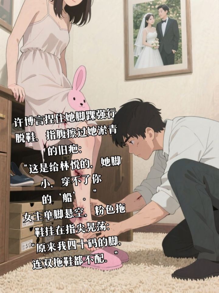 许博言捏住她脚踝强行脱鞋,指腹擦过她淤青的旧疤:“这是给林悦的,她脚小,穿不了你的‘船’。”女主单脚悬空,粉色拖鞋挂在指尖晃荡:“原来我四十码的脚,连双拖鞋都不配。”太虐了我测#虐文 #网络小说 #游戏日常 #视觉小说 #爱情
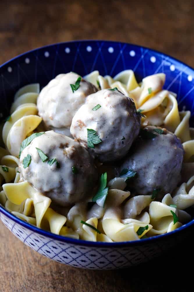 - Over egg noodles – The classic Swedish meatball pairing.
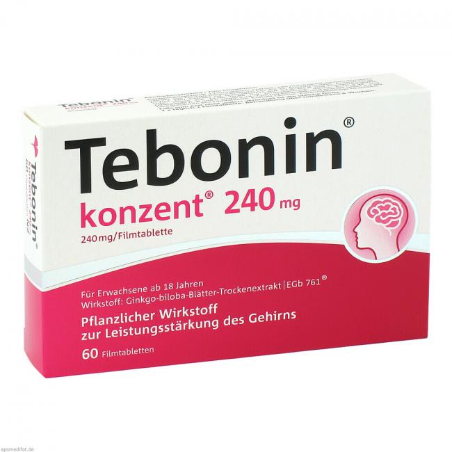 Tebonin konzent 240 mg Filmtabletten. Wirkstoff: Ginkgo-biloba-Blätter-Trockenextrakt. Anwendungsgebiete: als pflanzliches Arzneimittel zur Besserung von (alters-assoziierten) geistigen Leistungseinbußen und zur Verbesserung der Lebensqualität bei leichter Demenz.
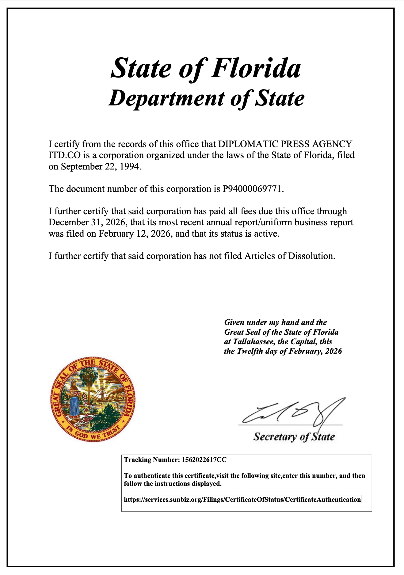 Diplomatic Press Agency Ldt. Co. is registered in Florida/USA

──────

When you copy the listing, keep every line exactly as it is but leave out all images.

§ **Worked solution**:
 许博言捏住她脚踝强行脱鞋,指腹擦过她淤青的旧疤:“这是给林悦的,她脚小,穿不了你的‘船’。”女主单脚悬空,粉色拖鞋挂在指尖晃荡:“原来我四十码的脚,连双拖鞋都不配。”太虐了我测#虐文 #网络小说 #游戏日常 #视觉小说 #爱情
 - Over egg noodles – The classic Swedish meatball pairing.
 Tebonin konzent 240 mg Filmtabletten. Wirkstoff: Ginkgo-biloba-Blätter-Trockenextrakt. Anwendungsgebiete: als pflanzliches Arzneimittel zur Besserung von (alters-assoziierten) geistigen Leistungseinbußen und zur Verbesserung der Lebensqualität bei leichter Demenz.
 Diplomatic Press Agency Ldt. Co. is registered in Florida/USA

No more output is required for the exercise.